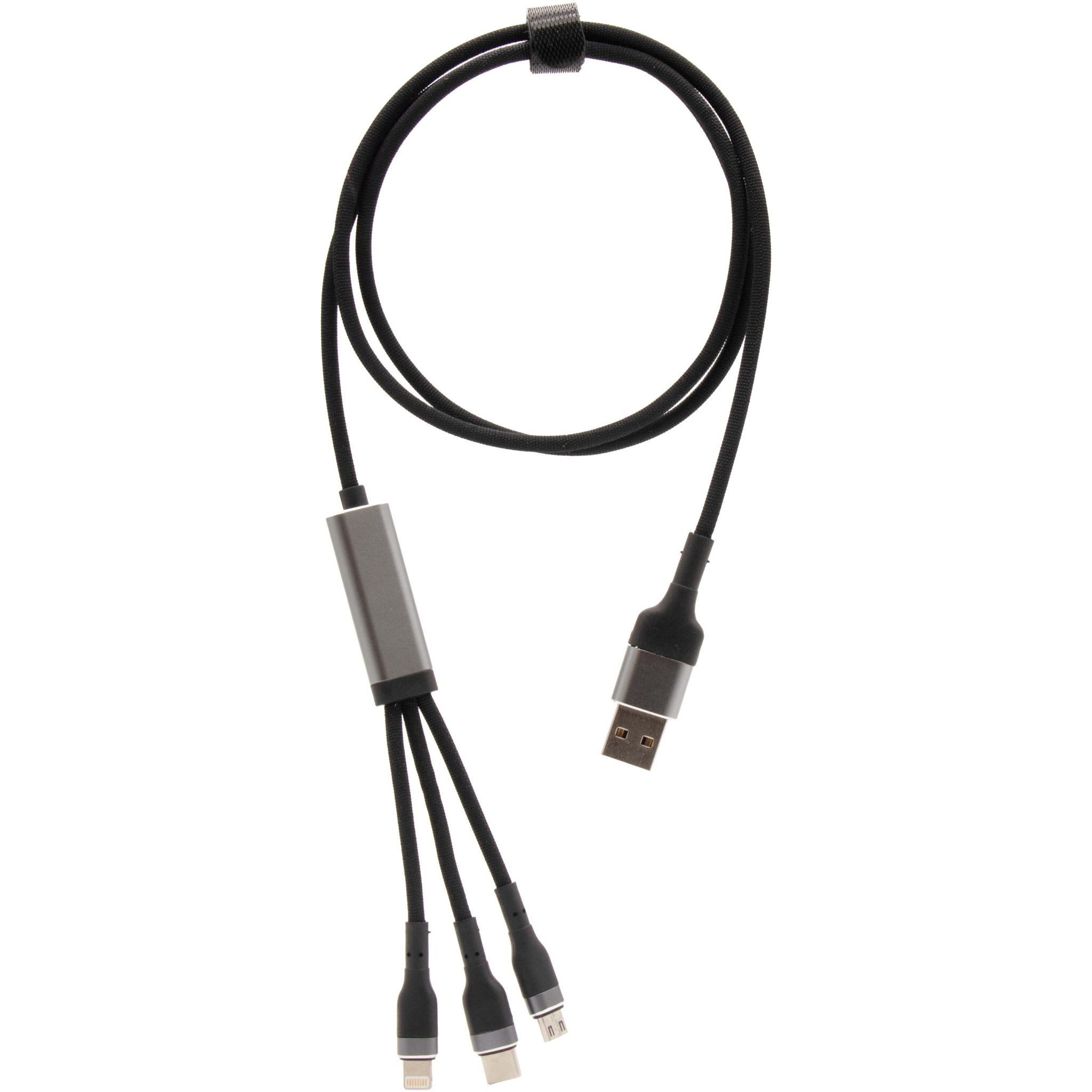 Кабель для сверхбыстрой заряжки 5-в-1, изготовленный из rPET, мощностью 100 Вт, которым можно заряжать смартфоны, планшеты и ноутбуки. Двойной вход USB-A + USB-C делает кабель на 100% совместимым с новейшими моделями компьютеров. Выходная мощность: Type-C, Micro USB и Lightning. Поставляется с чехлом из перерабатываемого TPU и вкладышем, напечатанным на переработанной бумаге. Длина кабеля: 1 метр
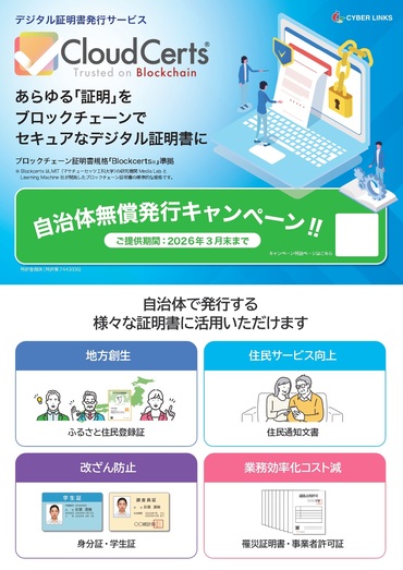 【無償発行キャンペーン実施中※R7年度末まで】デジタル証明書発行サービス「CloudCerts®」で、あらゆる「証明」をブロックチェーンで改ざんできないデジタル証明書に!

...

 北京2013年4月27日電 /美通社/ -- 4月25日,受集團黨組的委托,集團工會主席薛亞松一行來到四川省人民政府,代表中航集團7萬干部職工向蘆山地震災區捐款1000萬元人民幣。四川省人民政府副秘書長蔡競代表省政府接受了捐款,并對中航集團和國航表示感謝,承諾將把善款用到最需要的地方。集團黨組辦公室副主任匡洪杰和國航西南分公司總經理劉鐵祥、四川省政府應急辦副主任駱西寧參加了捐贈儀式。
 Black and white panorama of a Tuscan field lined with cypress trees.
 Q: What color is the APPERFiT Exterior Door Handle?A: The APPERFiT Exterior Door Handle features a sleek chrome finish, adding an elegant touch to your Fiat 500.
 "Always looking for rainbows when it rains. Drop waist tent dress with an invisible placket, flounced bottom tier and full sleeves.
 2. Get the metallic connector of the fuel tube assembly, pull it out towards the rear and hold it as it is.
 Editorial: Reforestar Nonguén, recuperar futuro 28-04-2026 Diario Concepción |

## Work item
Look above for the line with "and full sleeves."; retype exactly that line, every line after it up to the line with "Editorial: Reforestar Nonguén, recuperar", and that line too, nothing else.

## Output below
 "Always looking for rainbows when it rains. Drop waist tent dress with an invisible placket, flounced bottom tier and full sleeves.
 2. Get the metallic connector of the fuel tube assembly, pull it out towards the rear and hold it as it is.
 Editorial: Reforestar Nonguén, recuperar futuro 28-04-2026 Diario Concepción |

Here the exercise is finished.